GUERRA DO PARAGUAI APRESENTA INCONSISTÊNCIAS HISTÓRICAS


A Guerra do Paraguai voltou ao centro de uma crise diplomática entre Brasil e Paraguai após o presidente Lula afirmar que "um belo dia o Paraguai resolveu invadir o Brasil". A declaração, feita em evento no interior de São Paulo, gerou reação do governo paraguaio, que convocou o embaixador brasileiro em Assunção para prestar esclarecimentos. O Congresso do Paraguai também aprovou manifestações de repúdio. O episódio reacendeu um debate histórico sobre as origens do maior conflito da América Latina, travado entre 1864 e 1870. A guerra colocou o Paraguai contra a Tríplice Aliança, formada por Brasil, Argentina e Uruguai, e devastou o país, reduzindo sua população de cerca de 400 mil para menos de 190 mil habitantes. Segundo o historiador Francisco Doratioto, cerca de 90% dos homens paraguaios morreram. Doratioto afirma que, durante décadas, predominou no Brasil uma interpretação segundo a qual a Inglaterra teria financiado e incentivado a guerra para destruir um Paraguai supostamente industrializado e independente. Essa versão ganhou força durante a ditadura militar, especialmente após o livro Genocídio Americano, de Júlio José Chiavenato. Pesquisas mais recentes, porém, contestam essa narrativa. Com base em documentos paraguaios, brasileiros, argentinos, uruguaios e ingleses, historiadores como Doratioto, Ricardo Salles e Moniz Bandeira concluíram que não há provas de envolvimento direto do governo britânico no conflito.

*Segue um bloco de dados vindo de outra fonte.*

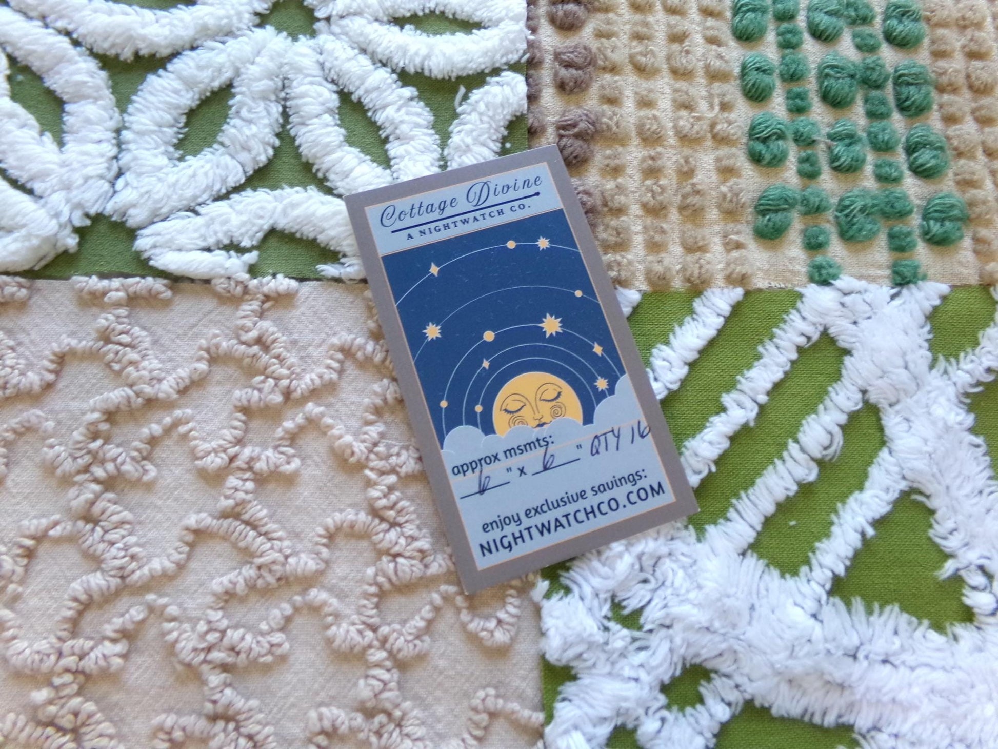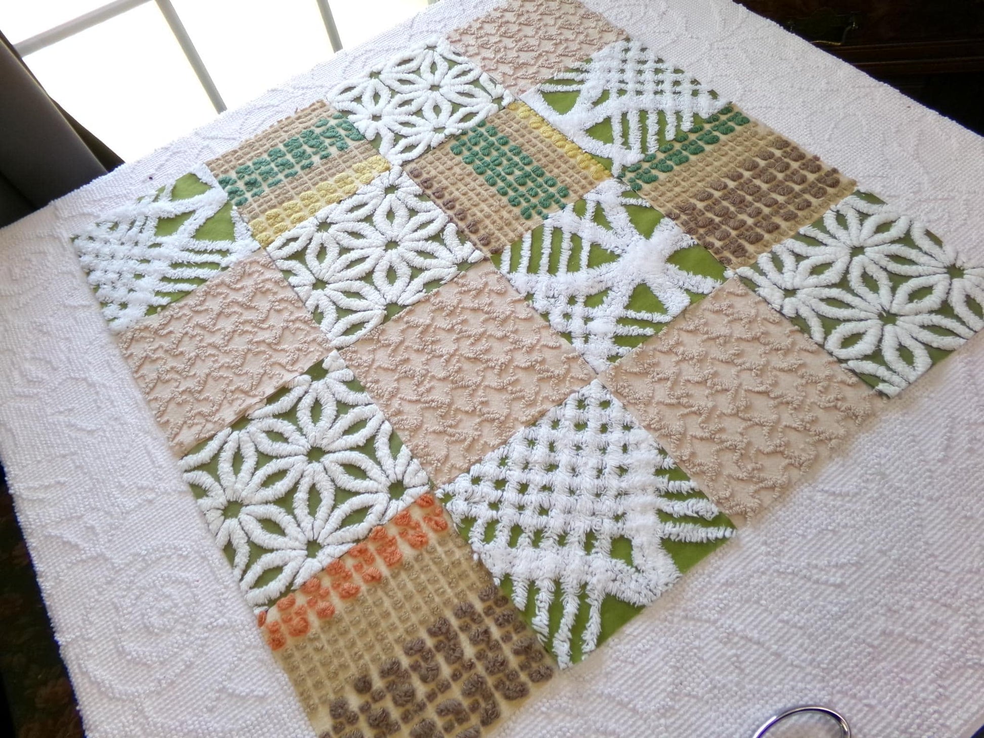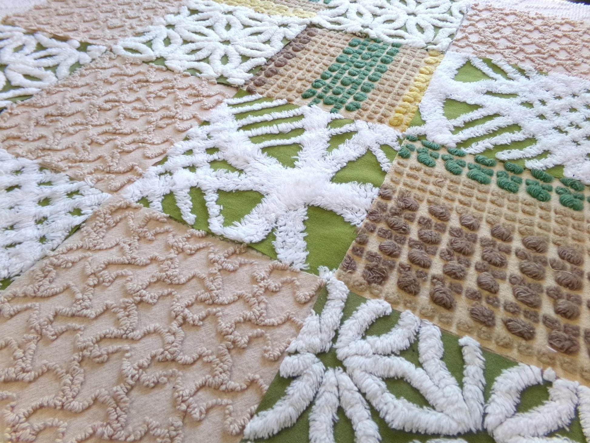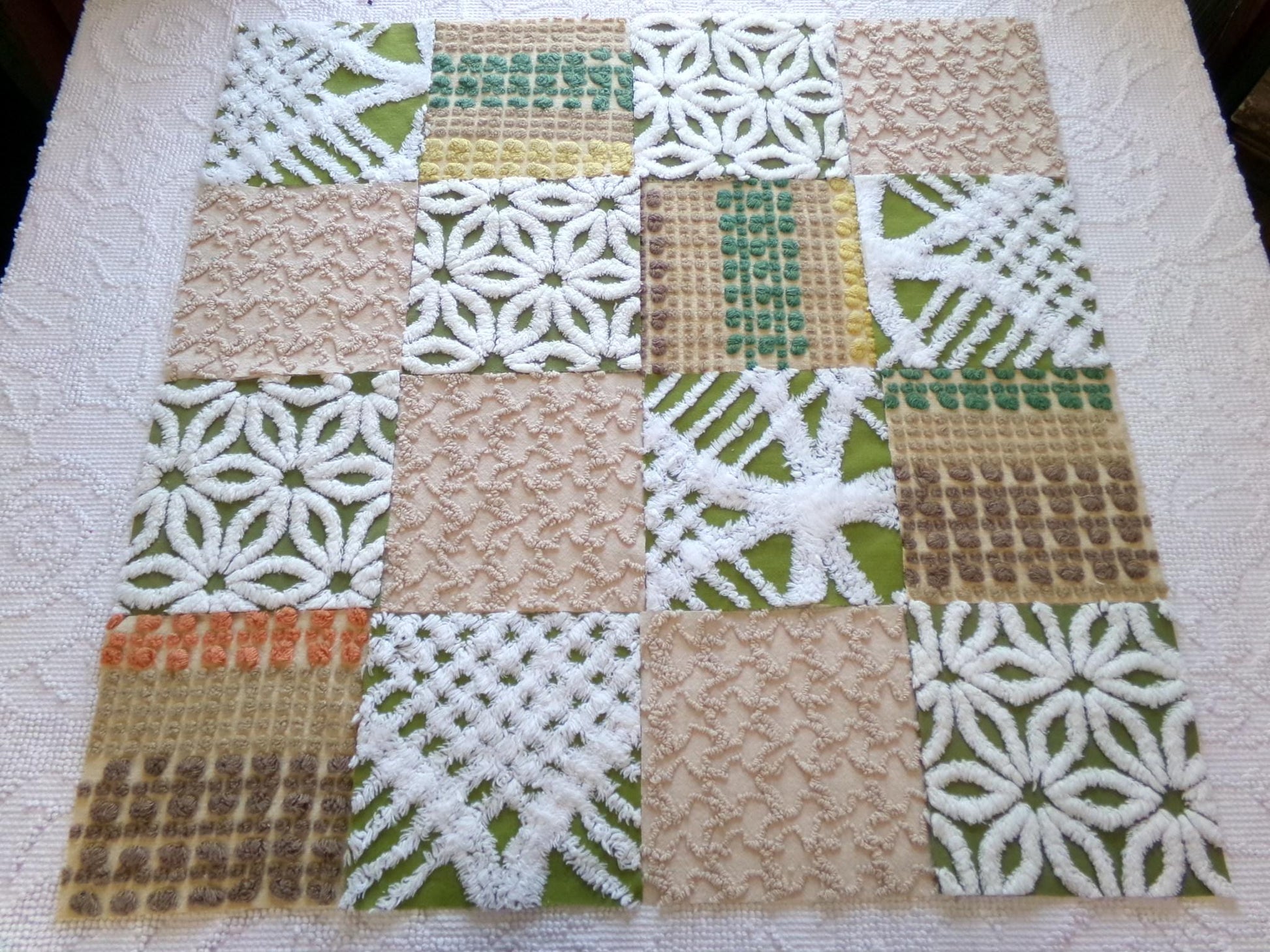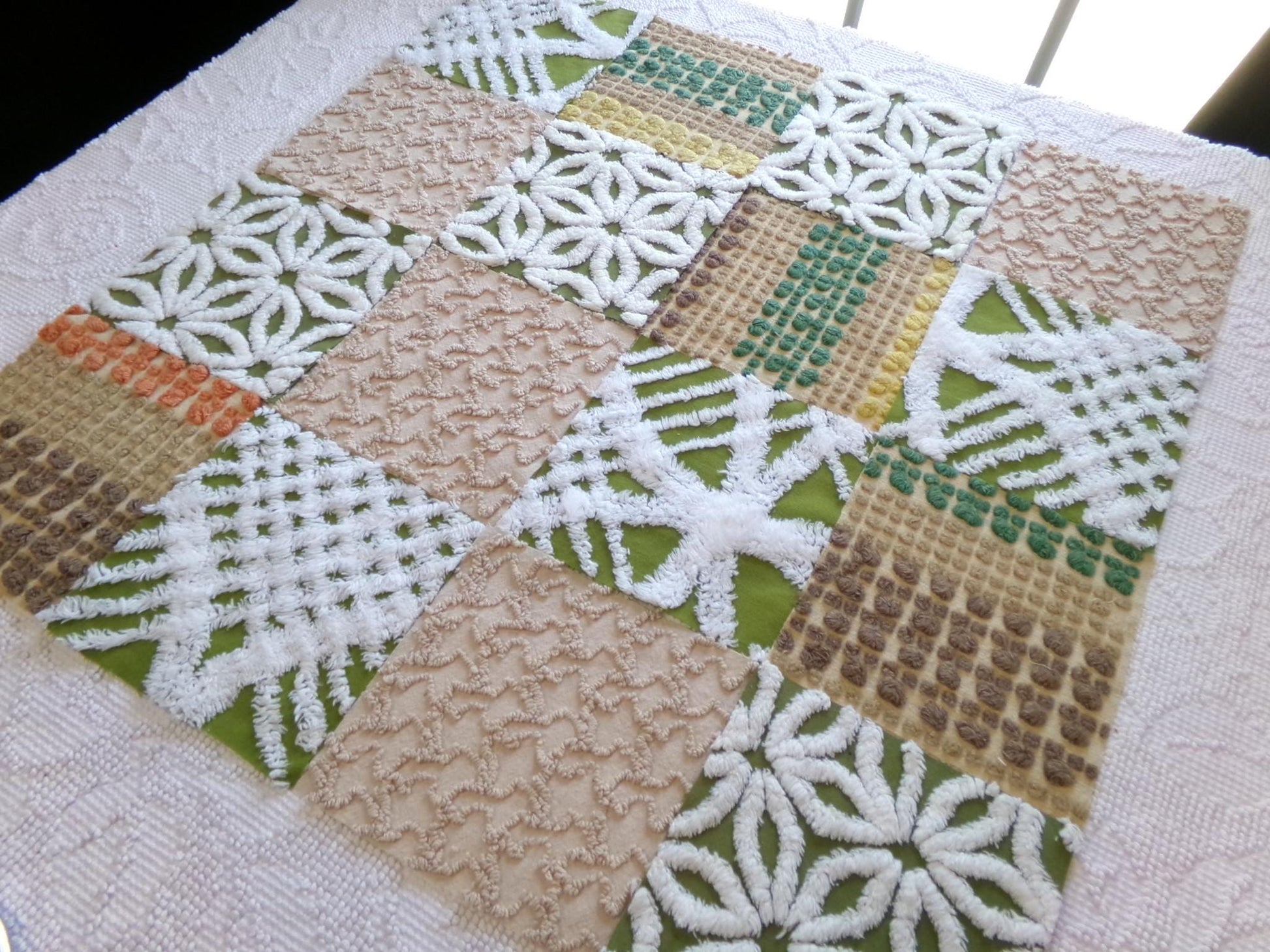 Boho Babe... This was a fun set of vintage chenille squares to assemble for you...whatever you create with these fabric squares, you'll get to time travel back to the glory days of the hippie era.Great earthtones textures in boho colors like olive green, sand, mocha and white. Includes 4 rare Morgan Jones multisize multicolor nubby dot squares, a relic of the late 1960s era.

Segundo Doratioto, o Paraguai era um país predominantemente agrícola, com industrialização limitada e modernização voltada principalmente para fins militares. O conflito teria sido motivado por disputas regionais, interesses geopolíticos e pela busca paraguaia de acesso ao mar. O historiador também reconhece que houve atrocidades cometidas durante a guerra, mas afirma que algumas acusações difundidas contra o Duque de Caxias carecem de sustentação documental ou apresentam inconsistências históricas. Para ele, muitas interpretações surgidas na ditadura tinham forte conteúdo ideológico e buscavam desmoralizar os símbolos do regime militar. Mais de 160 anos após o fim da guerra, suas causas e consequências continuam sendo objeto de controvérsia histórica e sensibilidade política, especialmente nas relações entre Brasil e Paraguai.